WHAT YOU ARE ASKED TO DO — Without the pictures, retype each line below exactly as it stands.

PROVIDED DATA —
Start of Block

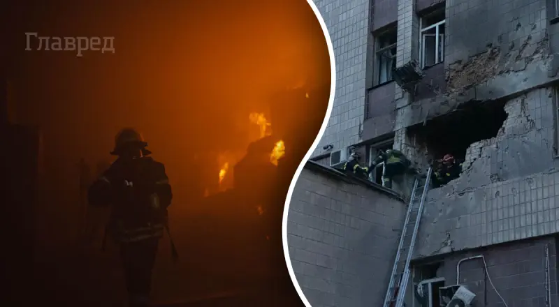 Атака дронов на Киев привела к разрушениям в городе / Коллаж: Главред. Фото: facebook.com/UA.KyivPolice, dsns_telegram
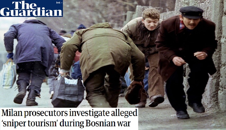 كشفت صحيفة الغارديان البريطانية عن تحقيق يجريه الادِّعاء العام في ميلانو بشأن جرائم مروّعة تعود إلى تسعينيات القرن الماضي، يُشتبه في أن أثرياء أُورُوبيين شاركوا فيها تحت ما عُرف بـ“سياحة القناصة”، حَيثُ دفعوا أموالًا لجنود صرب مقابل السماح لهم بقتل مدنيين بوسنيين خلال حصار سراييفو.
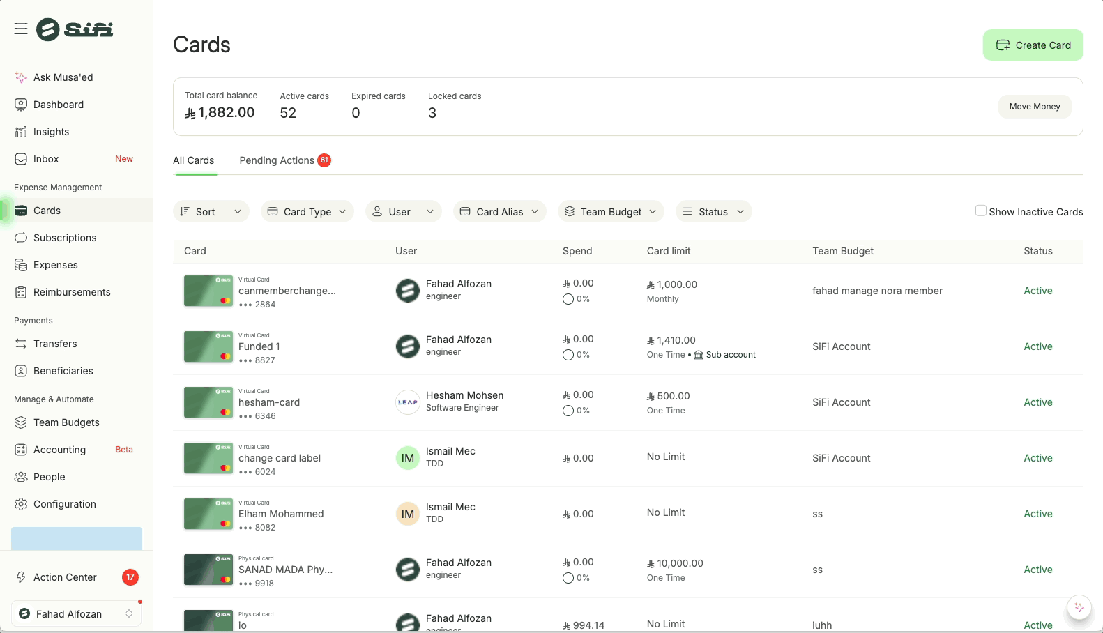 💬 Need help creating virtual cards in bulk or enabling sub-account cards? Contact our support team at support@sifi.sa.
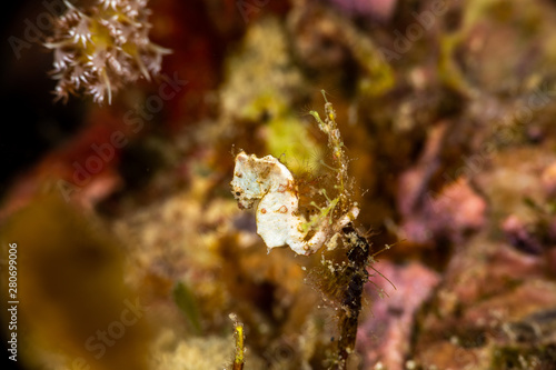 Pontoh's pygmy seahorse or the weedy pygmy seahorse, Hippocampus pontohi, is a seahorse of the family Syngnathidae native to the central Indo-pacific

End of Block

EXERCISE RESULT —
 Атака дронов на Киев привела к разрушениям в городе / Коллаж: Главред. Фото: facebook.com/UA.KyivPolice, dsns_telegram
 كشفت صحيفة الغارديان البريطانية عن تحقيق يجريه الادِّعاء العام في ميلانو بشأن جرائم مروّعة تعود إلى تسعينيات القرن الماضي، يُشتبه في أن أثرياء أُورُوبيين شاركوا فيها تحت ما عُرف بـ“سياحة القناصة”، حَيثُ دفعوا أموالًا لجنود صرب مقابل السماح لهم بقتل مدنيين بوسنيين خلال حصار سراييفو.
 💬 Need help creating virtual cards in bulk or enabling sub-account cards? Contact our support team at support@sifi.sa.
 Pontoh's pygmy seahorse or the weedy pygmy seahorse, Hippocampus pontohi, is a seahorse of the family Syngnathidae native to the central Indo-pacific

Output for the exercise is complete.